From below, Omri called in an odd tone, “Come and see this!”

The others went outside and round to the gable end of the house, nearest the road. Up under the sloping
thatch was a plaque, inset into the stone. It was engraved in very worn old-fashioned writing. Omri couldn't read it, but their mother, with difficulty, made it out:

Blessed the man
who fearing God
buildeth for
posterity. LB. 1704

When she'd finished reading, they all stood for a moment. Then Gillon said, “What's posterity?”

“It means your bottom,” said Adiel.

The older two burst out laughing. Only Omri didn't — he wasn't listening.

“Don't be fatuous, boys,” said their father. “Not ‘posterior'! ‘For posterity' means ‘for those who'll come after you'.”

Gillon and Adiel were still choking down their mirth when Omri said quietly, “We're definitely going to like living here.” They all looked at him.

“How do you know?” said Gillon with a bit of jeer in his voice.

“It's a longhouse,” said Omri mysteriously. ‘And - LB.”

“What?”

“Someone with the initials LB built this house.”

“Big deal. So what?”

“LBs are lucky for me,” said Omri quietly.

2
Kitsa Goes Missing

T
hey moved in in August.

It hadn't been so hard, after all, to leave the old house in Hovel Road. Omri had secretly been quite glad to, in the end. After all, his room had been totally wrecked by the Big Storm.
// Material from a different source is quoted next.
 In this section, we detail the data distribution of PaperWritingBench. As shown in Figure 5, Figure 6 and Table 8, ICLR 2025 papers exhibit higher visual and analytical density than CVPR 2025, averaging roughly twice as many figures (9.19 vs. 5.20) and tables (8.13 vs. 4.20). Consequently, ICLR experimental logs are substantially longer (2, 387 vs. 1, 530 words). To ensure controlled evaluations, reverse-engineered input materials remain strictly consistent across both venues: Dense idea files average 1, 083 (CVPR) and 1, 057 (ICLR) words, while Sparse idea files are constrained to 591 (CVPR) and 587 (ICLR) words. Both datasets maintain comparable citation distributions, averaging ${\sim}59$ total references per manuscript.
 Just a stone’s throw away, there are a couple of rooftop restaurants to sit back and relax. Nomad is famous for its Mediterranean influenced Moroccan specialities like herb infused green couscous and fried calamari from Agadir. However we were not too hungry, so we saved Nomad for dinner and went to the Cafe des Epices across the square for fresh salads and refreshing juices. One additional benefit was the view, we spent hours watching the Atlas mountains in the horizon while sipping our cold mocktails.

For months he'd slept on a mattress on the floor, and done his homework at an ordinary old table, and thought about all his things that the storm had demolished or blown away. His market-bought chest had been destroyed, along with his Japanese table, his desk, his collections, and all his other stuff, his links with childhood. It was time for a new start.
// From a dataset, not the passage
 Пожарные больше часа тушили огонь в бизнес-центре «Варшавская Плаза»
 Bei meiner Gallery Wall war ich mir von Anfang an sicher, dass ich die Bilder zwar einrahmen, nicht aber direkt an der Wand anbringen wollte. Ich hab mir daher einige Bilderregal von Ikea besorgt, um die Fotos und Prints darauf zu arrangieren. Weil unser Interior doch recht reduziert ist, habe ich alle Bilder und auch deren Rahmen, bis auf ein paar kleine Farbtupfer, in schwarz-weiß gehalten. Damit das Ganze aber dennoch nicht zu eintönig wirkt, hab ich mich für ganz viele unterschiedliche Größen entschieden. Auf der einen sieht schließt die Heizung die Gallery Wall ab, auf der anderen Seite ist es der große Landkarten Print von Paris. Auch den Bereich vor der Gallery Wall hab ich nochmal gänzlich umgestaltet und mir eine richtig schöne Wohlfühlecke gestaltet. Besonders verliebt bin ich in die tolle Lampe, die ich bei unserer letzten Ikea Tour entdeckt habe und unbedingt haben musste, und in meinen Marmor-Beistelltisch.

“Dad,” he asked at one stage when they were packing up, “will you have the same bank?”

“A different branch, but yes,” said his father, puzzled. But then he understood. “Ah, your mysterious package that you asked me to have them put in their vaults. Don't worry, Omri. They'll keep it safe.”

“But will they move it to the bank near our new house?” Omri persisted anxiously.

“I'll make sure they do,” said his father.

Omri wrote to Patrick, his friend and the sharer of his greatest secret, on the day before moving day.

Dear Patrick,

We're moving to the country tomorrow. Wish it was near you but it's the other way. We'll be further apart than ever. I'll write the new address at the end. Keep in touch.

Dad says IT will come to the new place with us, to the new bank. I hope you're keeping Boone safe. I'm taking Little Bull and Twin Stars with me, and Matron and Fickits. I mean I'm carrying them. I'll find somewhere safe for them in my new room. I just wanted you to know. I'm taking all my other plastic figures too. Not that we'll do anything about them.

Hope you're okay and that your mum has planted a new orchard after the storm. You must come and visit us in the new house. It's quite fun, lots of old barns and stuff, and there's hens that the last owner (he died, he was very old, Mum says he was my removed cousin or something) left. Their eggs have very orange yolks, like almost red. A neighbour's been looking after
them and Dad wants to keep them. And there's a wood and a river and the sea quite close. And Mum says we might have a pony!!

Bye. Omri.

P.S. I'm dreading starting at a new school. It's the local comp, of course. I went to meet the head, it's a woman. Her name's Mrs Everest. She wears a wig that looks just like a big tea cosy.

Two days after the move — two frantic, chaotic days, which followed a frantic, chaotic fortnight packing up — Omri was standing out in the lane that ran alongside their longhouse.

Both his parents and his brothers were indoors trying to make some kind of order in the various rooms, which were still so jammed with a mass of unsorted furniture and crates that you could hardly move around.

The reason Omri wasn't with them was because he was desperately hunting for Kitsa.

She had come from London in the moving van, in a cat basket. Too near to this (as it turned out) had been a large silk lampshade. When they arrived, the lampshade was found to be in shreds, ripped by Kitsa's resentful claws, reached through the bars of the cat basket.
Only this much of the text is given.